* **WHAT IS NEEDED**
Leave out all pictures. Extract exactly the lines from the one containing "Gargantilha de cobre" through the end of the data.
(Beginning of RECORDS SHOWN)
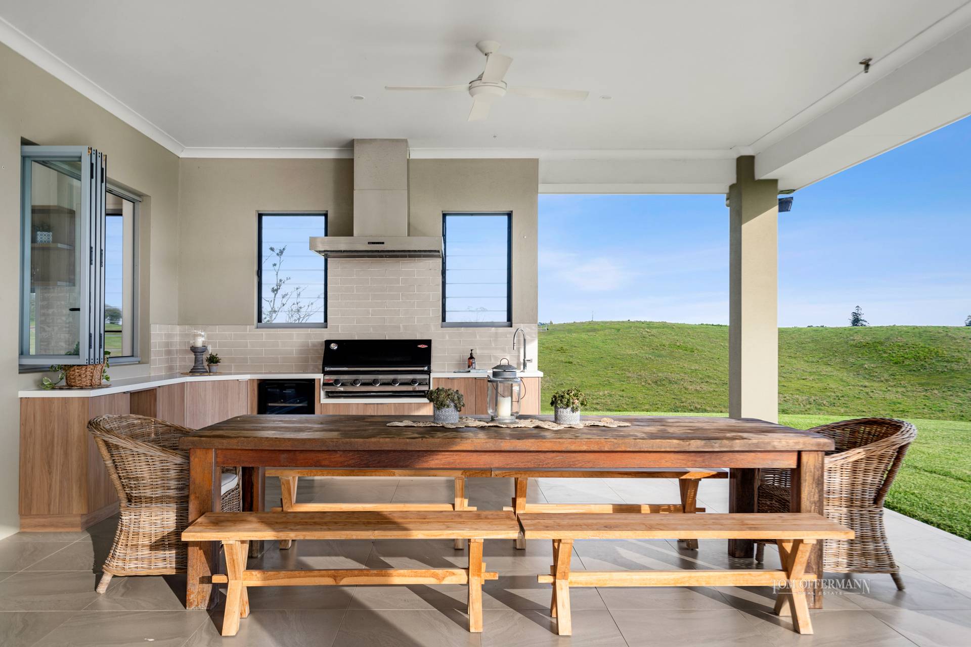 undercover w custom kitchen stone-topped cabinetry, BBQ, tiled
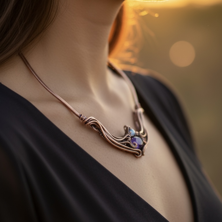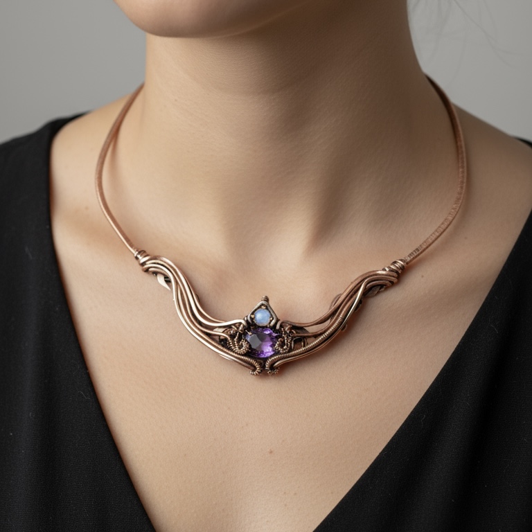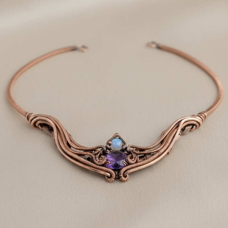 Gargantilha de cobre puro com ametista e pedra da lua — uma joia feita para mulheres que vibram entre a força e a sensibilidade.
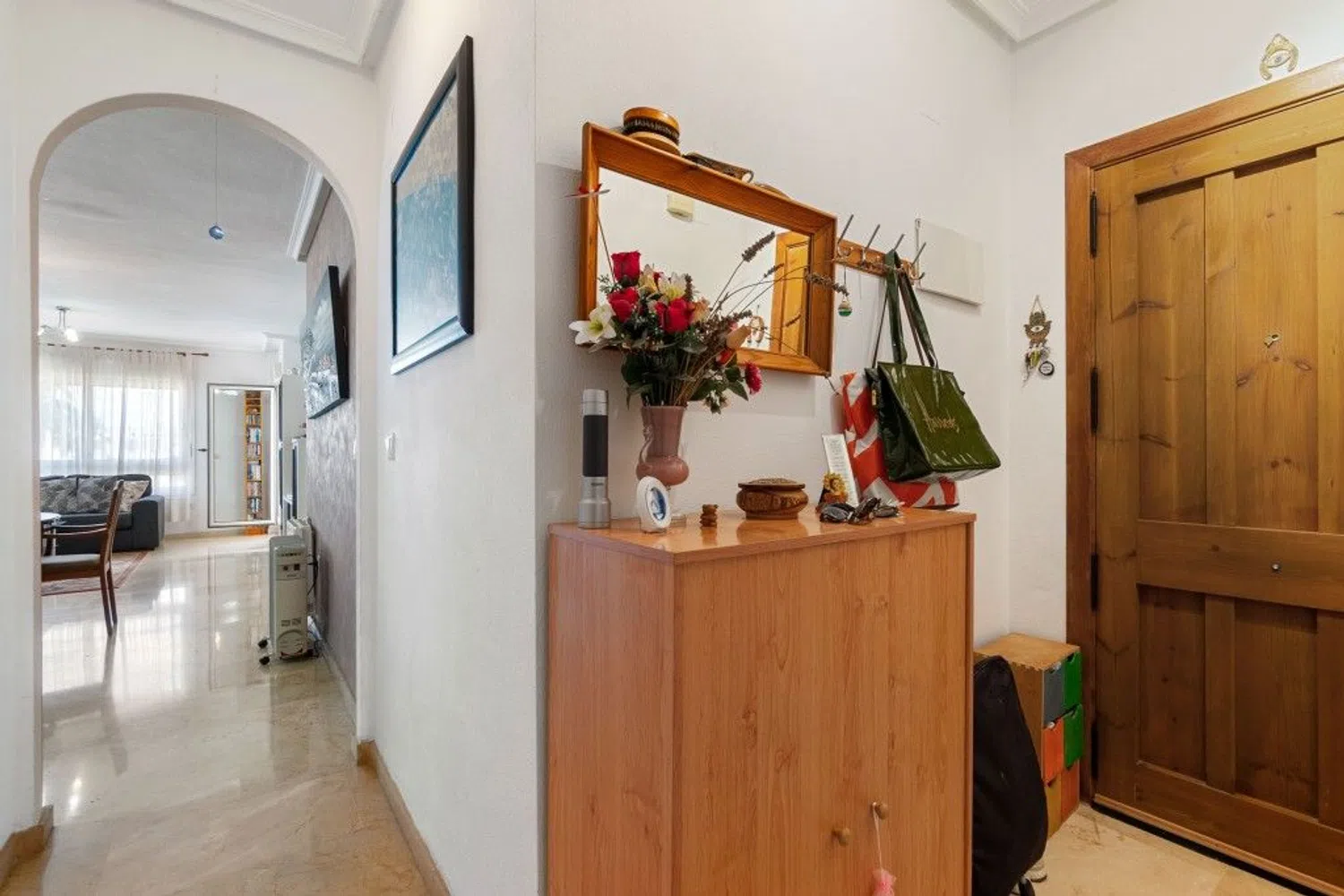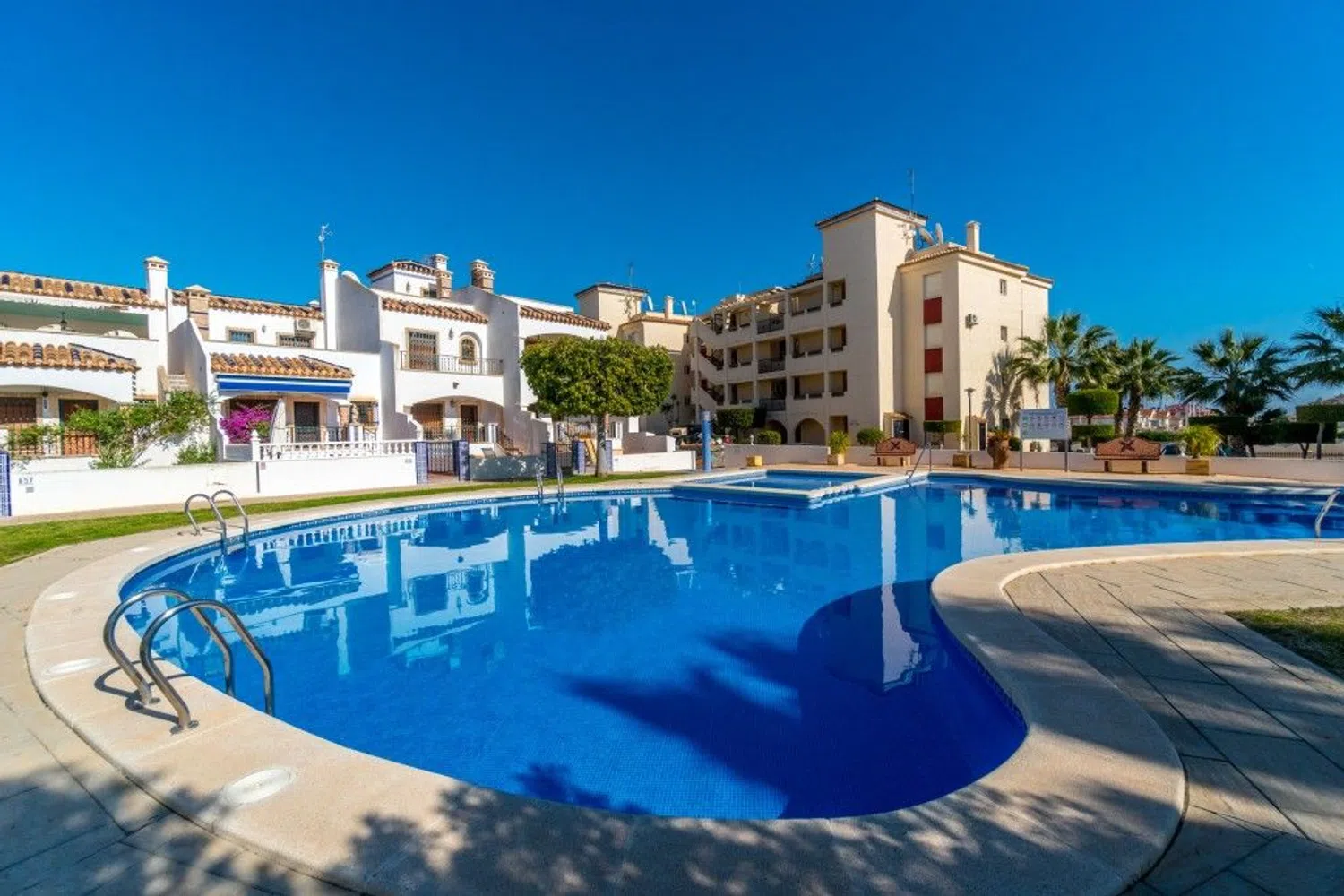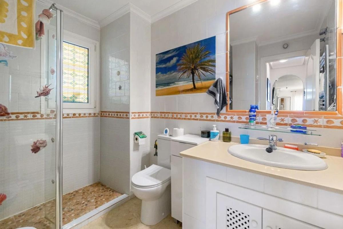 Este encantador apartamento del segundo piso ofrece una mezcla perfecta de confort y estilo. Con dos amplios dormitorios y dos cuartos de baño bien equipados, uno de ellos en suite, esta casa ofrece privacidad y comodidad. La cocina abierta y el salón crean un espacio luminoso y acogedor, ideal tanto para relajarse como para recibir invitados. El apartamento también cuenta con una hermosa terraza, ideal para disfrutar de comidas al aire libre o simplemente relajarse mientras disfruta del aire fresco. La comunidad cerrada ofrece un entorno tranquilo y seguro, rodeado de exuberantes zonas verdes que realzan la tranquilidad del entorno. Los residentes tienen acceso a una impresionante piscina, ideal para refrescarse en los días calurosos. Además, una terraza comunitaria en la azotea ofrece impresionantes vistas panorámicas del mar, por lo que es un lugar ideal para disfrutar de una puesta de sol o simplemente relajarse y contemplar el impresionante entorno. A poca distancia, tiene un colegio, tiendas, bares y La Zenia Boulevard. Para más información no dude en ponerse en contacto con nosotros.
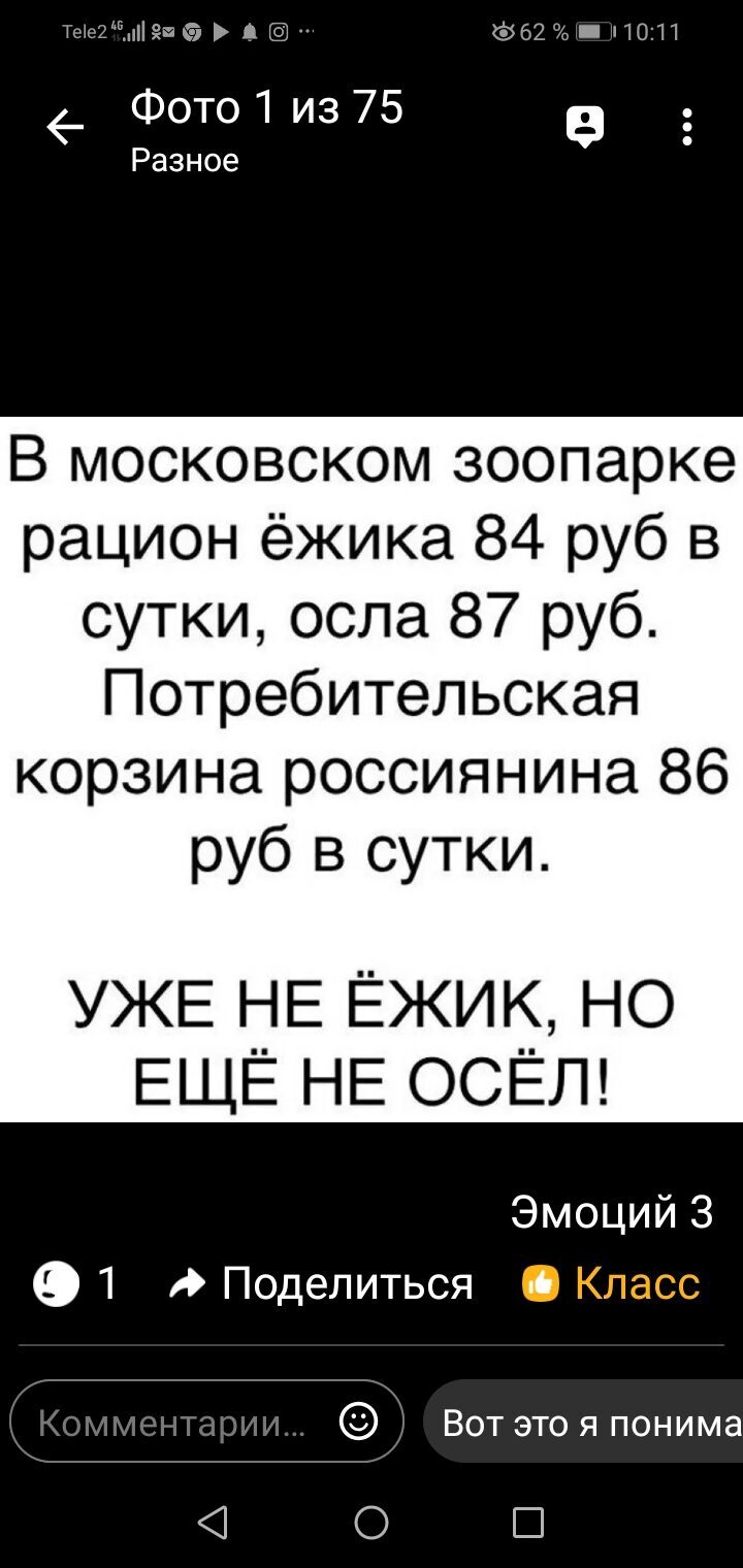 Рацион ежика и осла состоит исключительно из продовольственной корзины, и ежиков и ослов одевать и обувать не нужно, ремонт в квартире и коммуналку тоже платить им не нужно, мебель и бытовая техника тоже их не волнует, на лекарство дополнительные средства выделяются, при необходимости. Да и на похороны деньги им собирать нет необходимости. Вот и разница у нас в пользу ослов и ежиков!
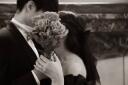 ご新郎様に身を預けるご新婦様の幸せそうな表情が印象的です。夕暮れ時の柔らかな光がお二人を包み、撮影の緊張もすっかり解けて自然な体温が伝わります。
(End of RECORDS SHOWN)
* **FINAL ANSWER**
 Gargantilha de cobre puro com ametista e pedra da lua — uma joia feita para mulheres que vibram entre a força e a sensibilidade.
 Este encantador apartamento del segundo piso ofrece una mezcla perfecta de confort y estilo. Con dos amplios dormitorios y dos cuartos de baño bien equipados, uno de ellos en suite, esta casa ofrece privacidad y comodidad. La cocina abierta y el salón crean un espacio luminoso y acogedor, ideal tanto para relajarse como para recibir invitados. El apartamento también cuenta con una hermosa terraza, ideal para disfrutar de comidas al aire libre o simplemente relajarse mientras disfruta del aire fresco. La comunidad cerrada ofrece un entorno tranquilo y seguro, rodeado de exuberantes zonas verdes que realzan la tranquilidad del entorno. Los residentes tienen acceso a una impresionante piscina, ideal para refrescarse en los días calurosos. Además, una terraza comunitaria en la azotea ofrece impresionantes vistas panorámicas del mar, por lo que es un lugar ideal para disfrutar de una puesta de sol o simplemente relajarse y contemplar el impresionante entorno. A poca distancia, tiene un colegio, tiendas, bares y La Zenia Boulevard. Para más información no dude en ponerse en contacto con nosotros.
 Рацион ежика и осла состоит исключительно из продовольственной корзины, и ежиков и ослов одевать и обувать не нужно, ремонт в квартире и коммуналку тоже платить им не нужно, мебель и бытовая техника тоже их не волнует, на лекарство дополнительные средства выделяются, при необходимости. Да и на похороны деньги им собирать нет необходимости. Вот и разница у нас в пользу ослов и ежиков!
 ご新郎様に身を預けるご新婦様の幸せそうな表情が印象的です。夕暮れ時の柔らかな光がお二人を包み、撮影の緊張もすっかり解けて自然な体温が伝わります。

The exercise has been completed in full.